A faithful transcription of all the entries below is needed, without the pictures.

[Start of Attachment]

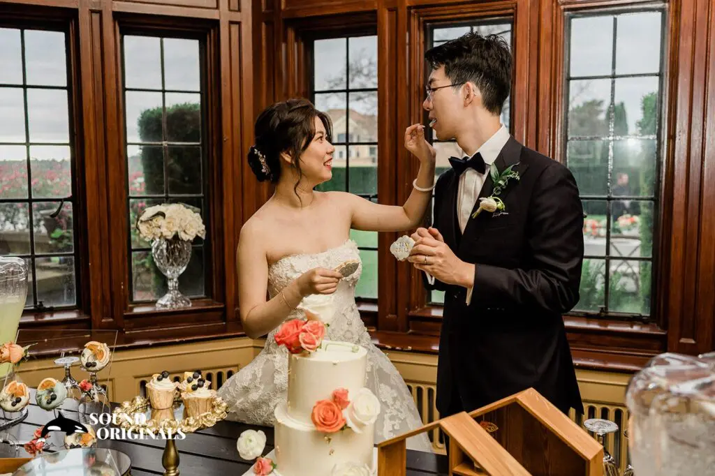 The intricate staircase, gallery hallways, and historically elegant dressing rooms were the perfect backdrop for the get-ready photos and the first look. The couple got a horse carriage ride prior to their ceremony. It was a beautiful moment to get on camera – our professional wedding photographer rarely gets to experience such a fairytale! The ceremony was outdoors in the lovely gardens. The statue parapet was the perfect spot for the couple’s vows and first kiss. Next, we took some breathtaking wedding portraits before proceeding to the reception. Can you believe these magical photos our photographer captured of Yizhou and Xianoyun’s love story?
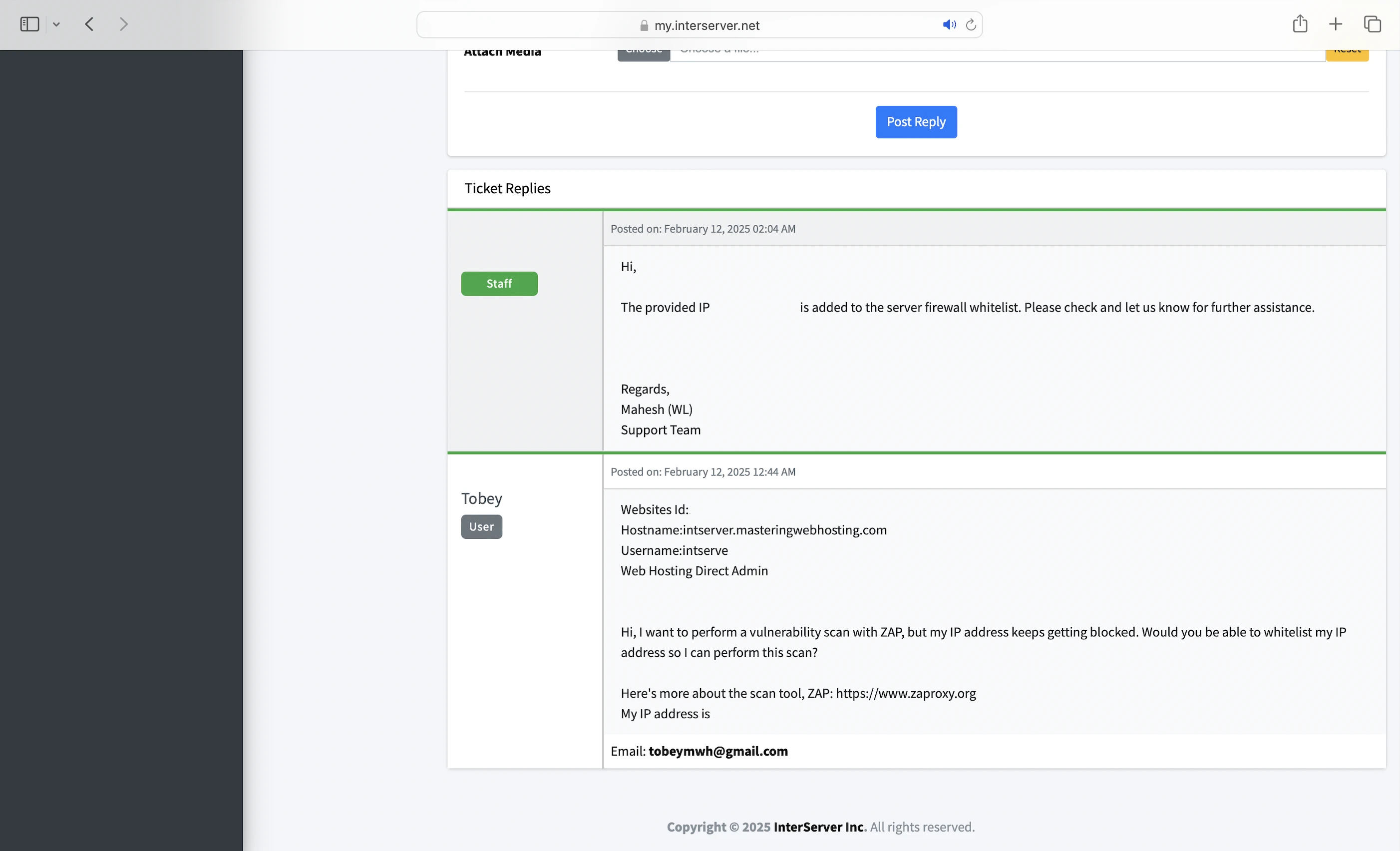 Like WPX, InterServer blocked my ZAP server’s IP address after the first wave of attacks.
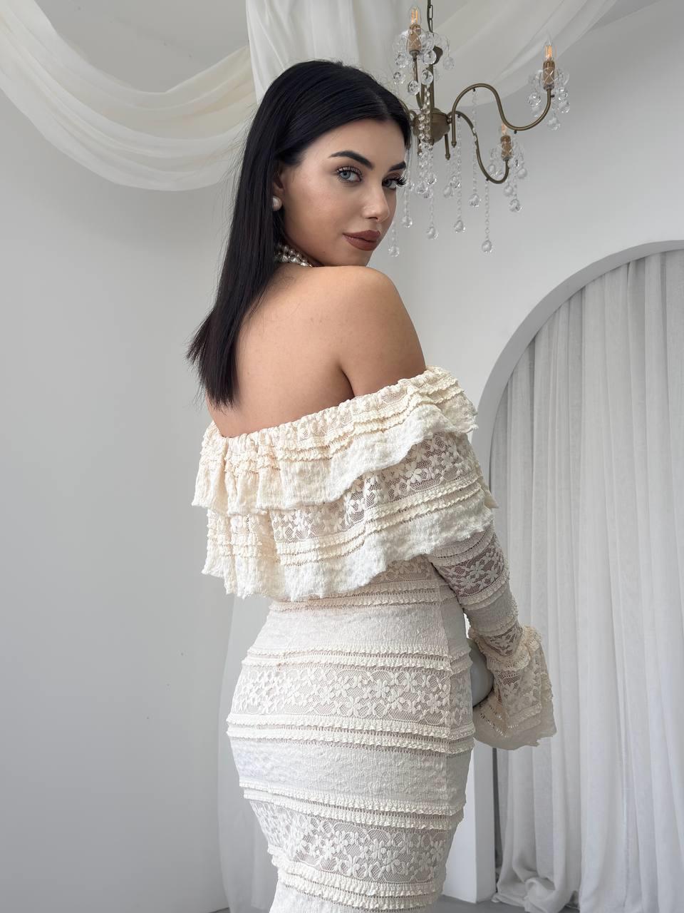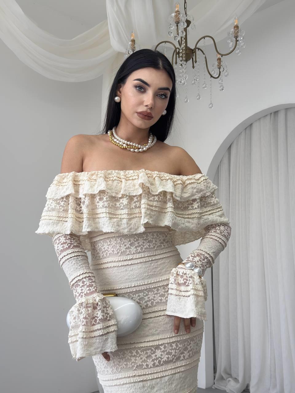 Straplez Madonna Yaka Tasarım Elbise (CON6417)
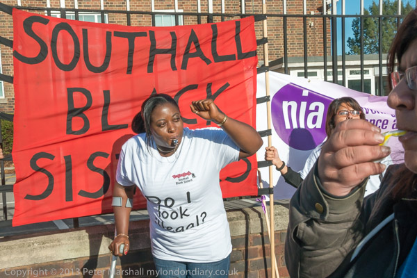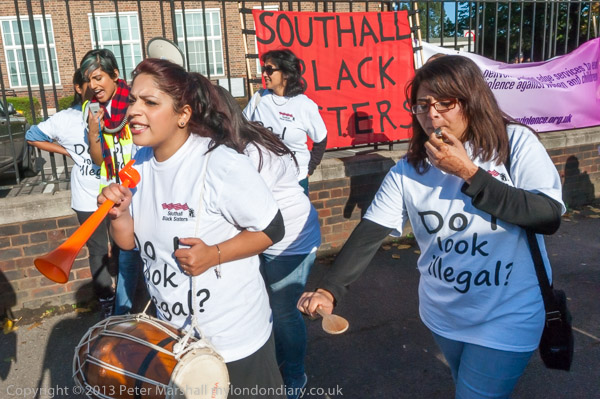 Most of the protesters were wearing Southall Black Sisters t-shirts with the message 'Do I look illegal?'
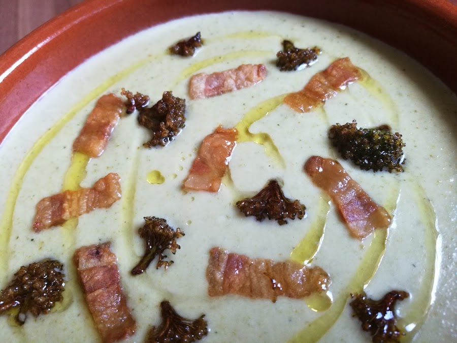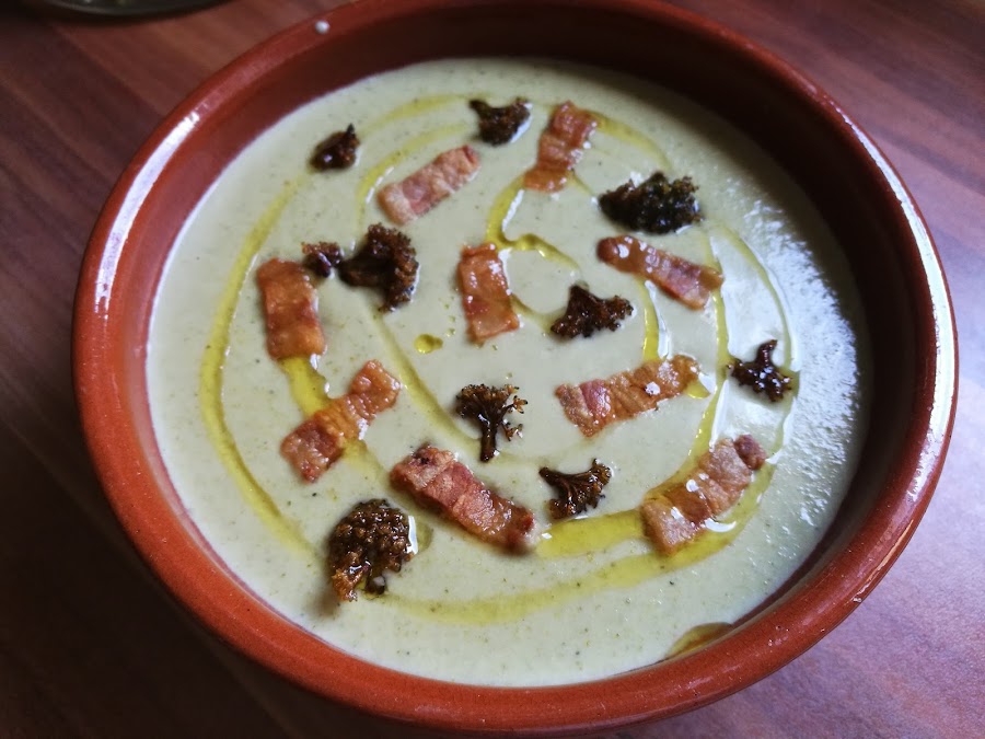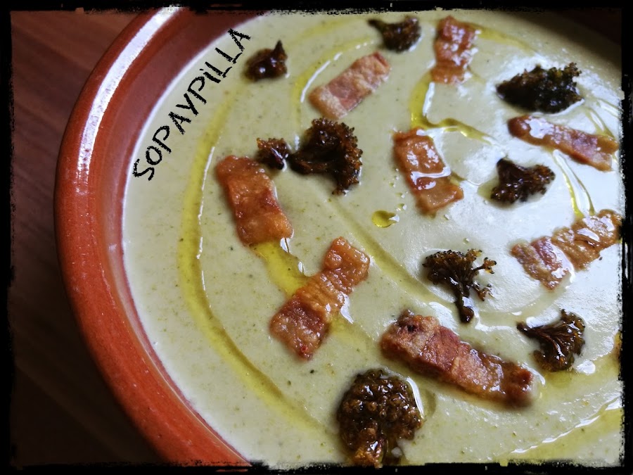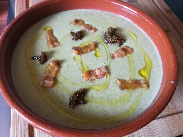 - En una sartén salteamos el bacon y los mini ramilletes de brócoli hasta dorar, y los serviremos por encima de la crema para decorar, junto con un chorrito de aceite de oliva.
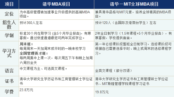 1、設清華—MIT全球MBA項目和清華MBA項目(在職)

[End of Attachment]

» OUTPUT BELOW
 The intricate staircase, gallery hallways, and historically elegant dressing rooms were the perfect backdrop for the get-ready photos and the first look. The couple got a horse carriage ride prior to their ceremony. It was a beautiful moment to get on camera – our professional wedding photographer rarely gets to experience such a fairytale! The ceremony was outdoors in the lovely gardens. The statue parapet was the perfect spot for the couple’s vows and first kiss. Next, we took some breathtaking wedding portraits before proceeding to the reception. Can you believe these magical photos our photographer captured of Yizhou and Xianoyun’s love story?
 Like WPX, InterServer blocked my ZAP server’s IP address after the first wave of attacks.
 Straplez Madonna Yaka Tasarım Elbise (CON6417)
 Most of the protesters were wearing Southall Black Sisters t-shirts with the message 'Do I look illegal?'
 - En una sartén salteamos el bacon y los mini ramilletes de brócoli hasta dorar, y los serviremos por encima de la crema para decorar, junto con un chorrito de aceite de oliva.
 1、設清華—MIT全球MBA項目和清華MBA項目(在職)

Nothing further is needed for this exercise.